On our first full day in Sokcho, after enjoying free coffee and cheese toast provided by Afterglow, we headed out with a map to wander the city with no real agenda. It started out as a cloudy morning and turned into a super windy, rainy day which required a pit stop at 7-11 for a rain poncho. That didn’t stop us from having a blast exploring, however. We took the gaetbae boat to Abai Village, a spit of land between the East Sea and a harbor that was supposed to be temporary housing for North Korean refugees during the Korean War, but it turned permanent after the DMZ was established. It’s now filled with lots of tiny restaurants known for ojingeo sundae (a type of Korean sausage made with squid, rice or glass noodles and vegetables) so we stopped for lunch to try some.

Many older North Korean residents fled to Abai Village during the Korean War, waiting for things to settle before returning to their villages and farms up North. After three years and no sign of settling, the DMZ was established and they were stuck in the South.

We stopped for lumch to try some ojingeo sundae, a type of Korean sausage made from squid, rice and vegetables that is known to be the best in Sokcho.
After taking in views of the wild, stormy sea and exploring a few lighthouses, we decided to stop for an afternoon green tea latte and a game of cards to catch a break from the wind and rain. It was then that we noticed how many people were carrying the same box of fried chicken (yes, fried chicken is big in Korea). David and I decided we should probably figure out where these boxes were coming from because all the Korean tourists seemed to be carrying them.

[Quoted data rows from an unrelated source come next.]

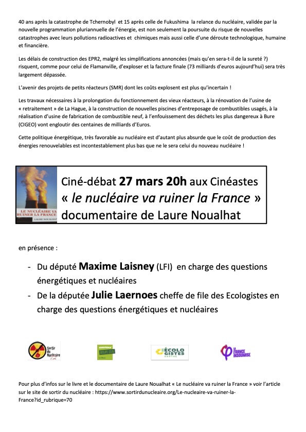 Vend. 27 mars 2026, à 20 h : ciné-débat — Le nucléaire va ruiner la France ! aux Cinéastes. Intervenants : Maxime Laisney (LFI) et Julie Laernoes (les Ecologistes)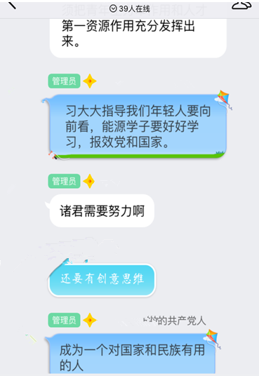 9月20日晚,1602006班团支部分别在A02、A04公寓进行习总书记讲话学习,全体同学参与了讨论。9月21日,1602003班委组织同学们一起学习《论述摘编》,大家一起大致阅读,并且发表了自己的看法。团支部会议结束,大家又在线上积极的进行讨论。9月22日,1602002团支部在线上开展学习《论述摘编》活动。大家纷纷说出自己对该摘编的理解,并结合里番 的实际情况做出自己的奋斗方向。线上会议中,刘强同学表示:“要用创新的思维完成习总书记交给我们的任务。” 1602007班团支部书记朱雨桐也即时搜集了相关资料信息等,组织我学院所有团支书展开讨论,确保在最短的时间里把习总书记的重要指示准确无误地传达给团支部成员。其他各团支部也纷纷用各种方式对摘编内容进行了学习。《习近平关于青少年和共青团工作论述摘编》中提到“青年一代有理想、有担当,国家就有前途,民族就有希望,实现我们的发展目标就有源源不断的强大力量。”这段话让学生们明确了自己肩上的责任,勇于迎接时代的考验。同时在这次讨论中,同学们认识到国家的期望与寄托,明确了自己的任务与目标,同时表示绝不浪费双一流院校的优秀资源,绝不辜负国家与人民。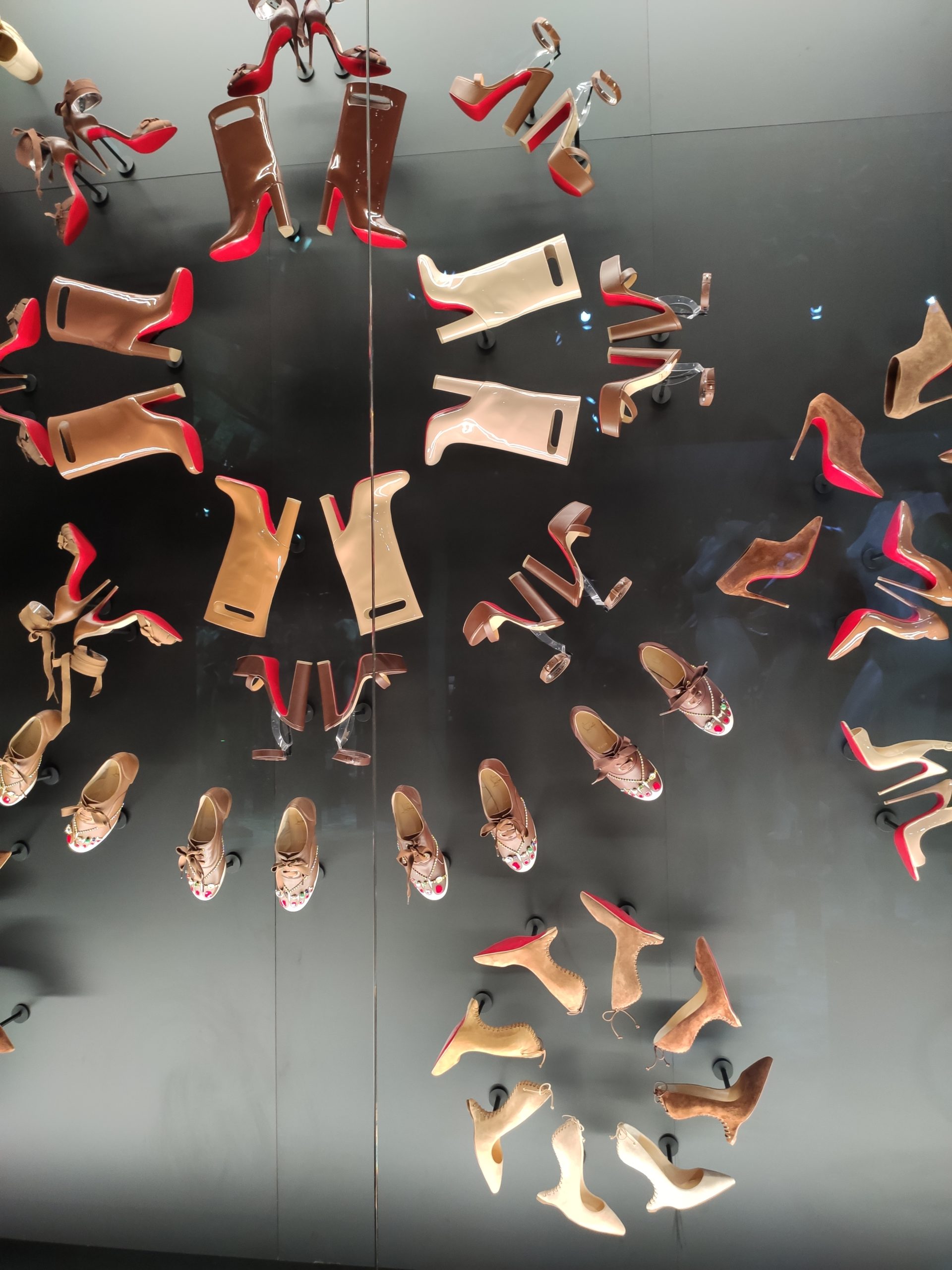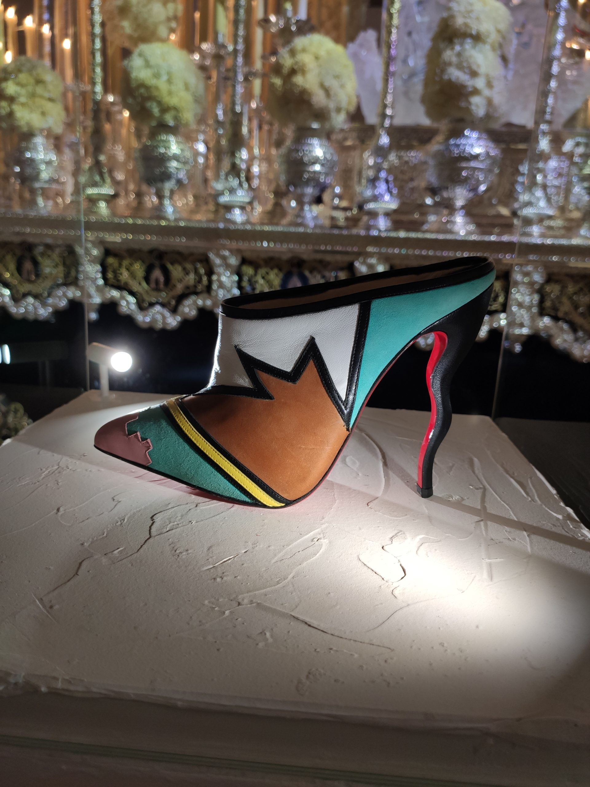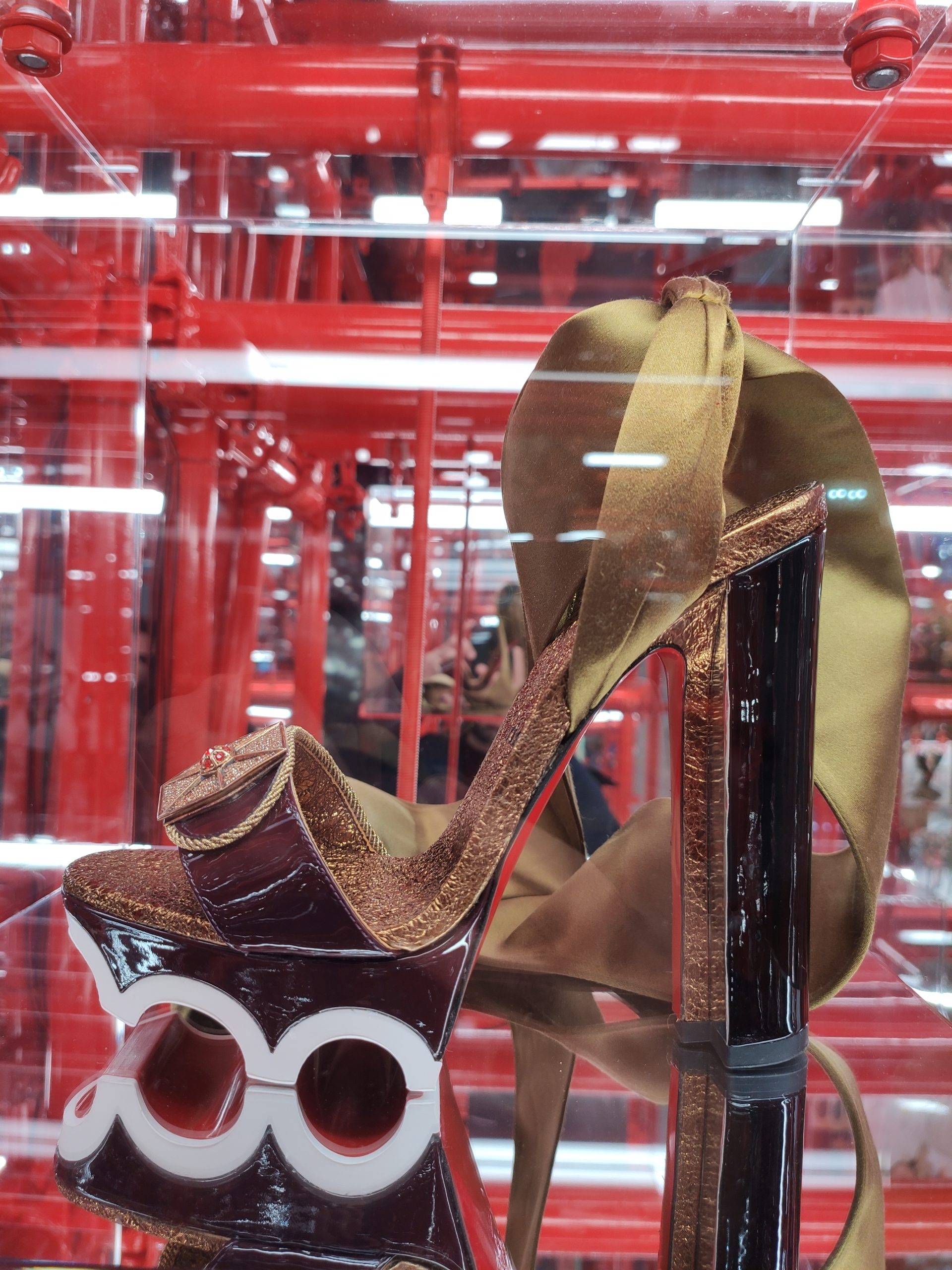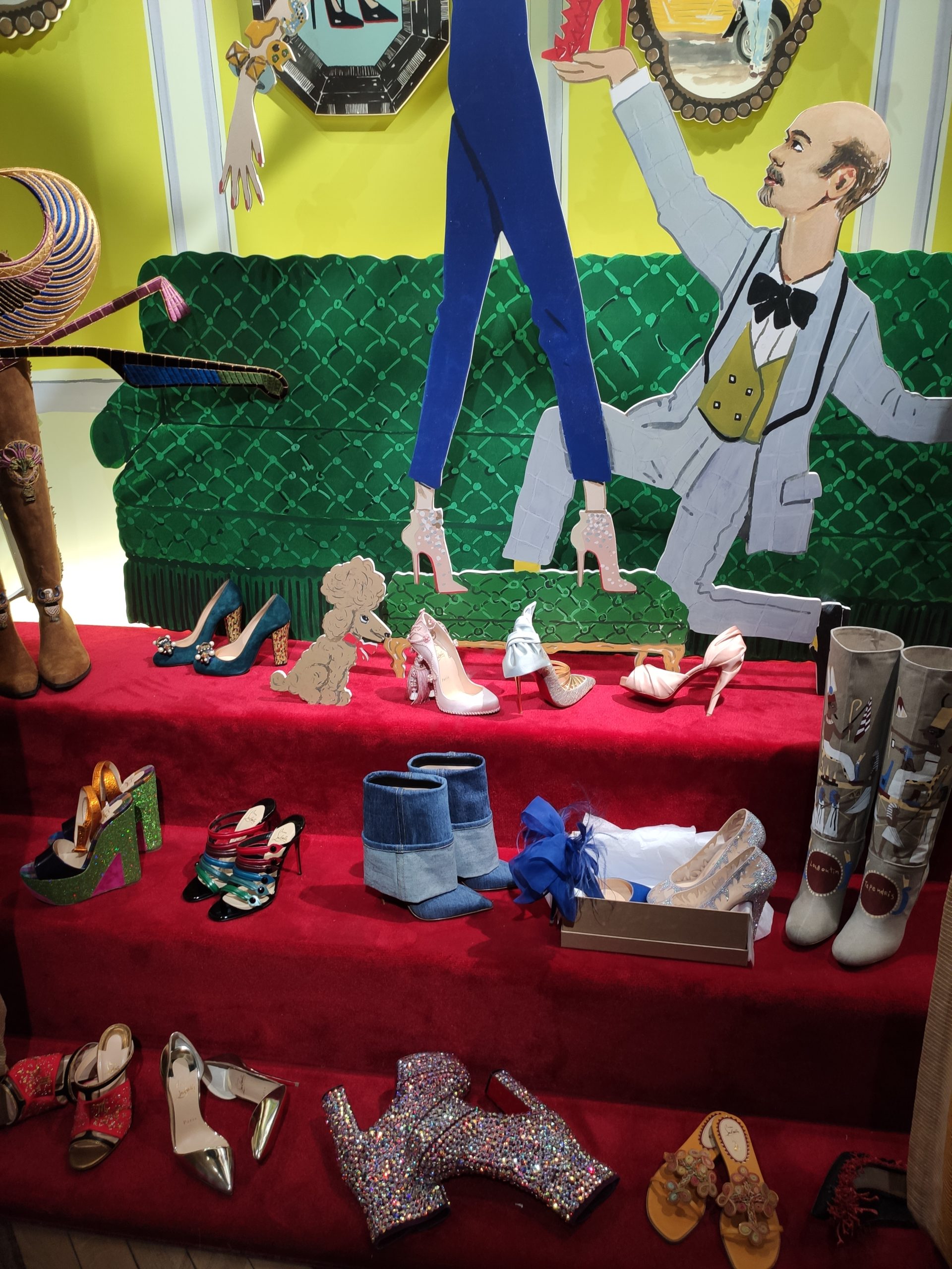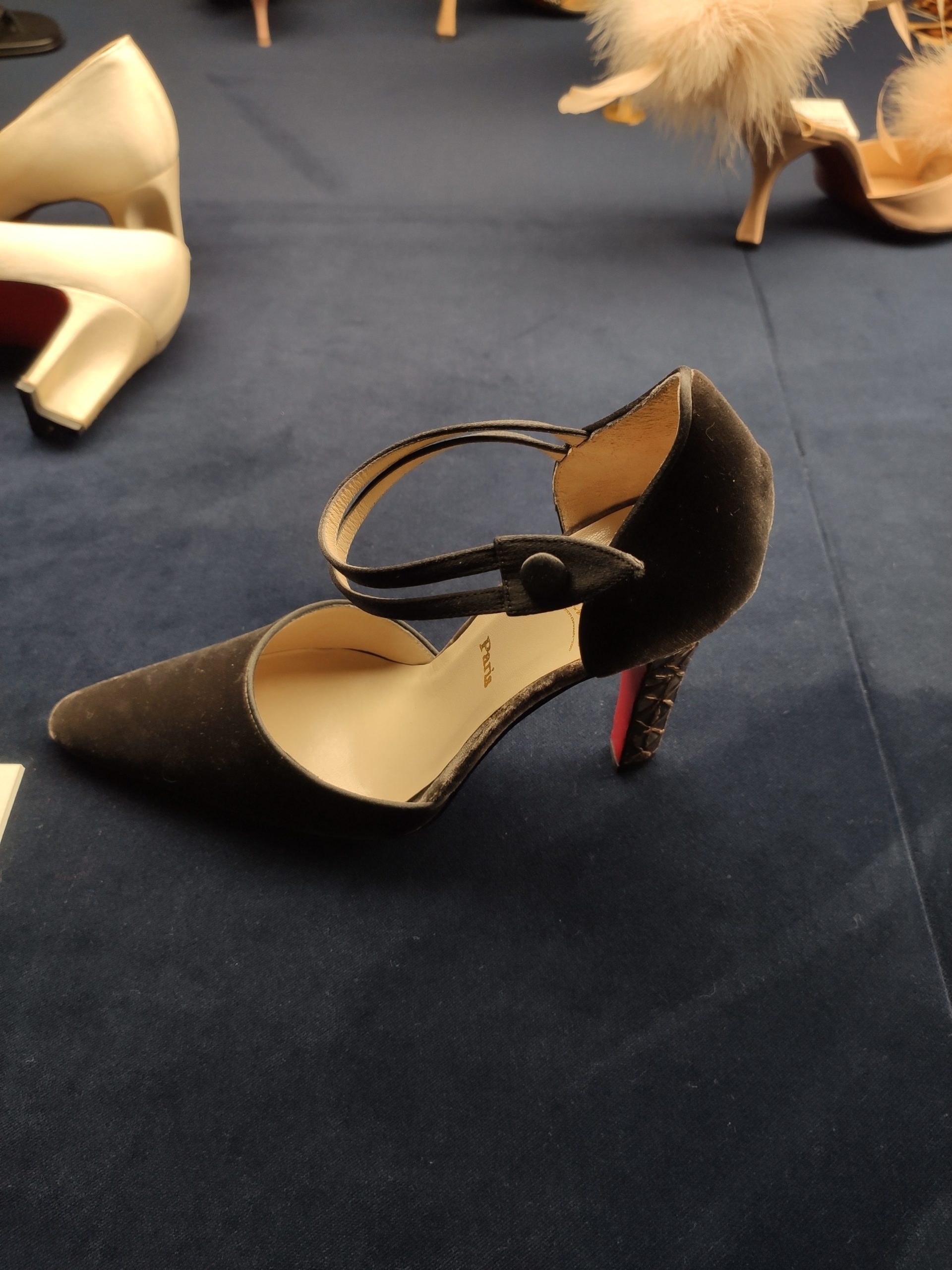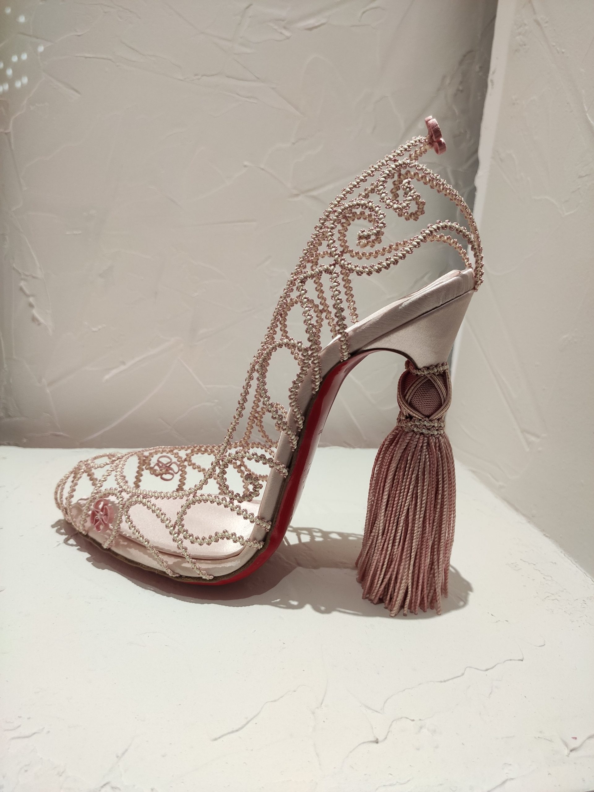 Une large sélection de souliers et croquis est présentée, dont certains jamais exposés. Ces pièces patrimoniales et artistiques sont exposées aux côtés de nombreuses collaborations qui soulignent l’attachement de Christian Louboutin pour les savoir-faire et les métiers d’art, comme des vitraux réalisés par la Maison du Vitrail à Paris, un palanquin d’argent réalisé par l’Orfebreria Villareal de Séville, ou encore un cabaret sculpté au Bhoutan.

Thanks to our friend Google and my ability to read Hangul, we were able to locate the famous fried chicken place called Manseok Chicken and decided that’s what we’d have for dinner. To build up our appetite for this gigantic fried chicken feast, we did some more exploring and walked to the other side of the city and stumbled upon Sokcho Beach. Unfortunately, the weather was so bad at this point we were told we couldn’t even be on the beach. We got in a few rainy snapshots beforehand, however, and instead of enjoying a beer on the beach in our rain ponchos like planned, we found a nice park bench surrounded by trees, shielding us from the wind and the rain (there are no open container laws in Korea, by the way).

We were able to snap a few photos before being kicked off the beach. I guess they “close” the beaches in really stormy weather.

Nearly all the Korean tourists were carrying these boxes of Manseok Chicken, an apparently famous chicken stand in the Jungang Fish Market. After enjoying a large fish dinner the night before, we decided we had to see what all the chicken fuss was about.

We opened the box to discover a large amount of fried chicken drenched in a spicy, sticky sauce. Is this much chicken necessary for two people? Probably not.
Magically, we woke up the next morning to a beautiful, cloudless day which was perfect for exploring Seoraksan National Park. Deserving of its own post, I’ll more about that later. In a nutshell, it was stunning and only a 30 minute bus ride from of Sokcho. Thankfully, our third and final day in Sokcho was also gorgeous and since our bus heading to our next destination didn’t leave until the afternoon, we had time to check out Sunrise Pavilion which we weren’t able to see before due to the bad weather. The water was the most amazing shade of aqua and the sunshine created a completely different view of the East Sea. It was the perfect way to end our stay in the cute port city before moving on to Gangneung.